I have CM7 on my phone and I want to go to ICS. Do I need to go back to stock first? Also in your opinion what is the best ICS rom out there now? Any advice or links would be greatly appreciated. Thanks in advance.

Jean


----------



## larryp1962 (Aug 31, 2011)

. http://rootzwiki.com...-back-to-stock/

Should be all the info you need


----------



## jean001 (Aug 26, 2011)

Thanks


----------



## awedel (Nov 22, 2011)

You might have to try a few ICS ROMs to find the right one for you. Maybe start here:

http://rootzwiki.com/topic/21239-ics-rom-comparison-chart/


----------



## deliquified (Dec 11, 2011)

jean001 said:


> I have CM7 on my phone and I want to go to ICS. Do I need to go back to stock first? Also in your opinion what is the best ICS rom out there now? Any advice or links would be greatly appreciated. Thanks in advance.
> 
> Jean


IMO, AOKP build 31 (glitched build) is perfect. Buttery smooth, amazing battery life, blazing fast, constantly updated.. Couldn't ask for more.

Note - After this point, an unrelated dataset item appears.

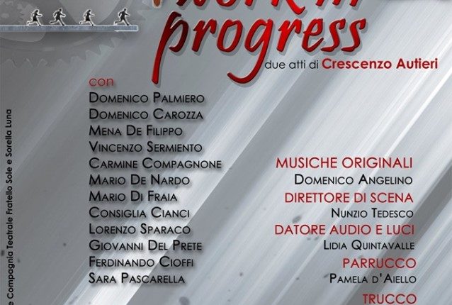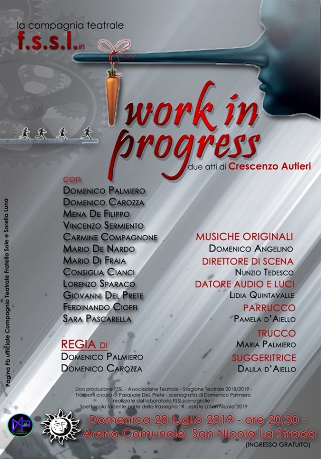 Con il patrocinio del Comune e la Pro Loco di San Nicola la Strada, lo spettacolo fa parte del programma della quarta edizione della rassegna teatrale estiva dal titolo: “R….Estate a San Nicola”. La Compagnia Teatrale “Fratello Sole e Sorella Luna” di San Marco Evangelista, dopo “Filumena Marturano” che ha chiuso brillantemente la scorsa stagione teatrale, è in scena domenica, 28 luglio 2019, alle ore 20.30, presso l’Arena Comunale “Ferdinando II” di San Nicola la Strada con la peace teatrale “WORK IN PROGRESS” due atti di Crescenzo AUTIERI, debuttato lo scorso 24 novembre 2019.

Sent from my SCH-I500 using RootzWiki


----------



## droidstyle (Oct 22, 2011)

deliquified said:


> IMO, AOKP build 31 (glitched build) is perfect. Buttery smooth, amazing battery life, blazing fast, constantly updated.. Couldn't ask for more.
> 
> Sent from my SCH-I500 using RootzWiki


Agreed!


----------



## jean001 (Aug 26, 2011)

Hi I just wanted to say "Thank you"... I did AOKP build 32 and* I love it*. It is SO much better than before. I literally spent the whole day messing with my phone trying different things. Is there a difference between build 32 and build 31? I was just trying to go with the newest one but if 31 is better please let me know.


----------



## partychick64 (Nov 5, 2011)

Not really. Probably just stability; you could also try gummy its nice. I do love the mods on AOKP I run it on my GNex and Tab 10.1 to keep them the same. I have my Mez on Gummy and its smooth as well I get pretty decent battery life 12hrs.

Sent from my Galaxy Nexus using RootzWiki


----------